Indeed, the team brings plenty of institutional knowledge to work every day; Taylor came on board in 2003, the most recently of the four.
“Not only has there been a proliferation of laws, but the administrative agency involvement in the legal process has evolved,” she said. “And now we’re starting to see emergent things that we hadn’t seen before. AI is one of them — and the impact that’s having on the workplace. So, intellectually, you’re not going to get bored because there’s always going to be something new.

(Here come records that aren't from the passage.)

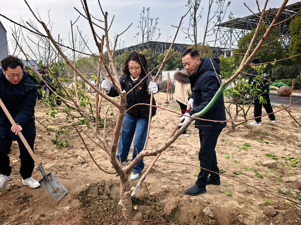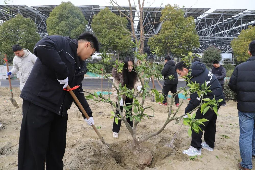 随后,工作人员详细讲解了苗木种植要点、现场安全注意事项及分组安排,在领取铁锹、水桶、手套等工具后,大家迅速投入植树作业,扶苗、填土、压实、浇水,每一个环节大家都配合默契、一丝不苟,保证每一棵桃树苗都能规范栽种、落地生根,36棵苗木很快在六圩污水处理厂的土地上整齐挺立,为厂区增添了一抹盎然春意。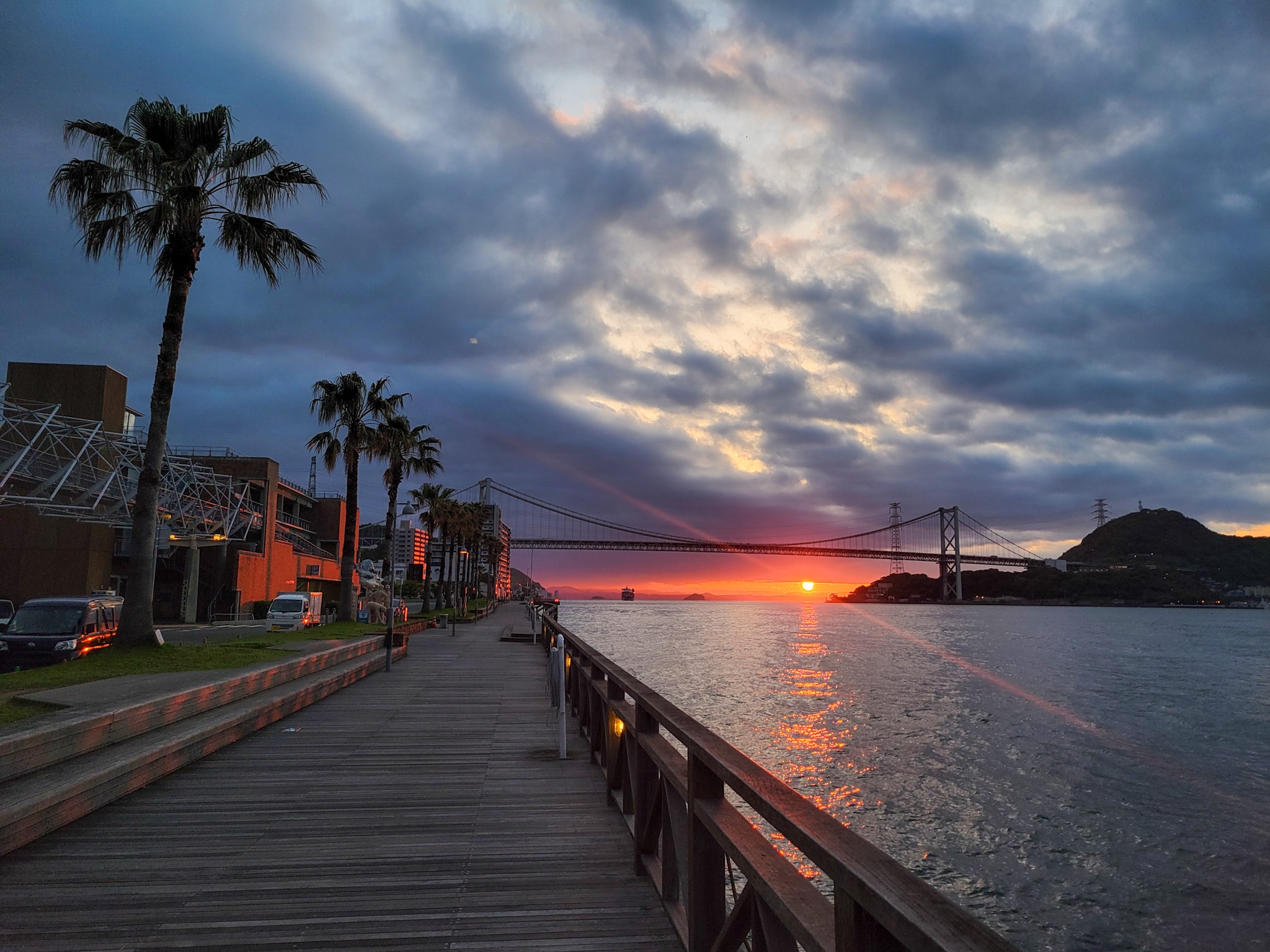 関門海峡の向こうから朝陽が!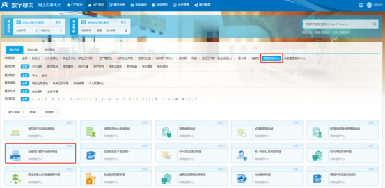 方式二:網上辦事大廳。打開瀏覽器,登錄數字聊大,在頁面頂部導航欄進入“辦事大廳”,點擊“網絡信息中心”,選擇“高性能計算平臺使用申請”發起流程。

“Sometimes we’ll start with a client from its business inception, so we’re looking at compliance; we’re looking at getting things right from the start,” Taylor added. “But sometimes we’re actually helping clients at the end of their life, in their succession planning and how that’s going to work. We get involved with purchase and sale. We get involved with reductions in force. It’s a really fascinating thing we do. Every day we come in, it’s a little bit different.”
“I’ve always felt secure in the advice I give, not only from the research I do, but also being able to talk to people and work it out and think about things from a different perspective.”
Frederick praised not only the experience of his team, but their creativity.
“It takes creativity, it takes foresight, it takes anticipating where the judicial boards are going to be going, how people are going to be thinking. And 99% of the professionals are routine in their approach: the law says yes, the law says no,” he explained. “I think what has made the people who have worked for this firm different is that they are creative in how to accomplish what should be accomplished.”
That’s part of why so many clients are long-term — including the firm’s very first client, a third-generation metallurgy enterprise, which is still on board.
“It’s very rewarding, working with the variety of clients that we have, not just private sector, but public sector as well,” Quinn said. “And when you have public sector clients in towns and cities and schools, they have another layer of laws that regulate how they interact with their employees. Whether it’s collective bargaining or dismissal decisions or disciplinary decisions, being able to work with them and guide them through that process is … well, they say variety is the spice of life. And we see a lot of variety here.”